→ **Collected data**:
————

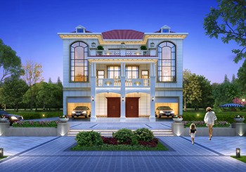 • 帶電梯的農(nóng)村歐式雙拼三層豪宅別墅設計圖,樓梯電梯共用
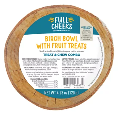 This Full Cheeks Birch Bowl with Fruit Treats is the perfect choice for your small pet. Made with love for rabbits, guinea pigs, hamsters, and most small animals, this tasty treat and chew combo features delicious fruit your small pet will love. We believe caring for your furry little one should be as easy as loving them, and now it can be. Our products are specially made for them, and are designed to be simple for you. All they need to do is what they do best: give lots of love. Only at PetSmart.
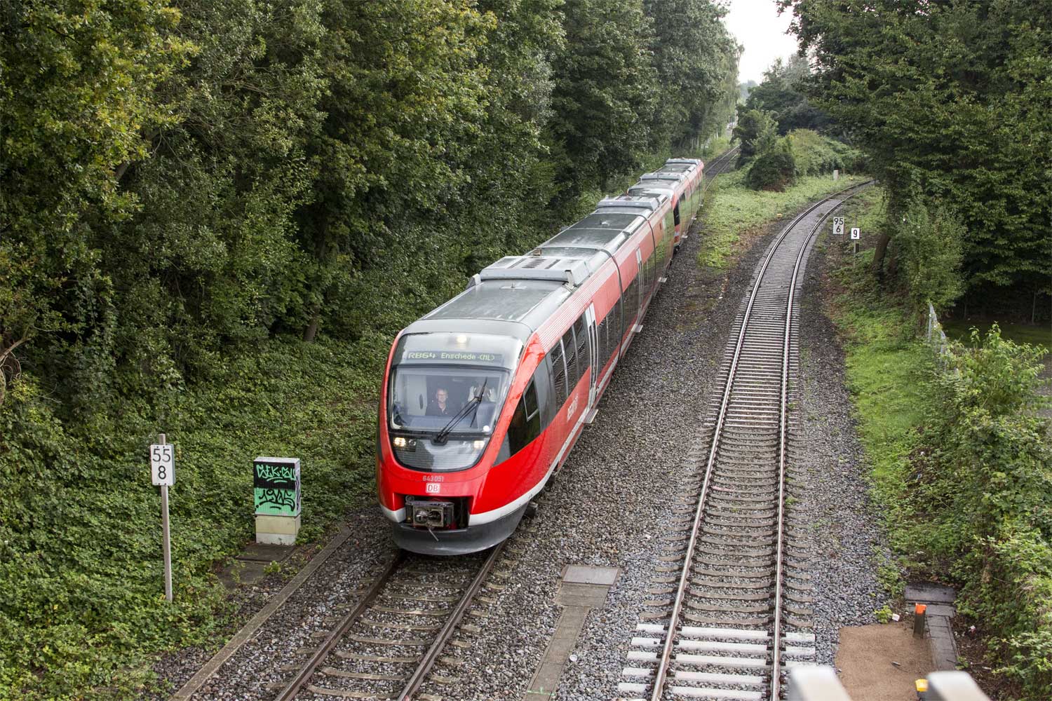 Gronau (Westf) | 95,95 | km 56,09 der Strecke Münster (Westf) Hbf 0,0 - Gronau (Westf) 56,09 - Staatsgrenze km 59,030 = (km 59,7 - Enschede 53,5 - Hengelo 45,1 - Zutphen 0,0) |

————

→ **Task prompt**:
When you retype the listing above, keep each line exactly as written and drop the pictures.

→ **Result for this exercise**:
 • 帶電梯的農(nóng)村歐式雙拼三層豪宅別墅設計圖,樓梯電梯共用
 This Full Cheeks Birch Bowl with Fruit Treats is the perfect choice for your small pet. Made with love for rabbits, guinea pigs, hamsters, and most small animals, this tasty treat and chew combo features delicious fruit your small pet will love. We believe caring for your furry little one should be as easy as loving them, and now it can be. Our products are specially made for them, and are designed to be simple for you. All they need to do is what they do best: give lots of love. Only at PetSmart.
 Gronau (Westf) | 95,95 | km 56,09 der Strecke Münster (Westf) Hbf 0,0 - Gronau (Westf) 56,09 - Staatsgrenze km 59,030 = (km 59,7 - Enschede 53,5 - Hengelo 45,1 - Zutphen 0,0) |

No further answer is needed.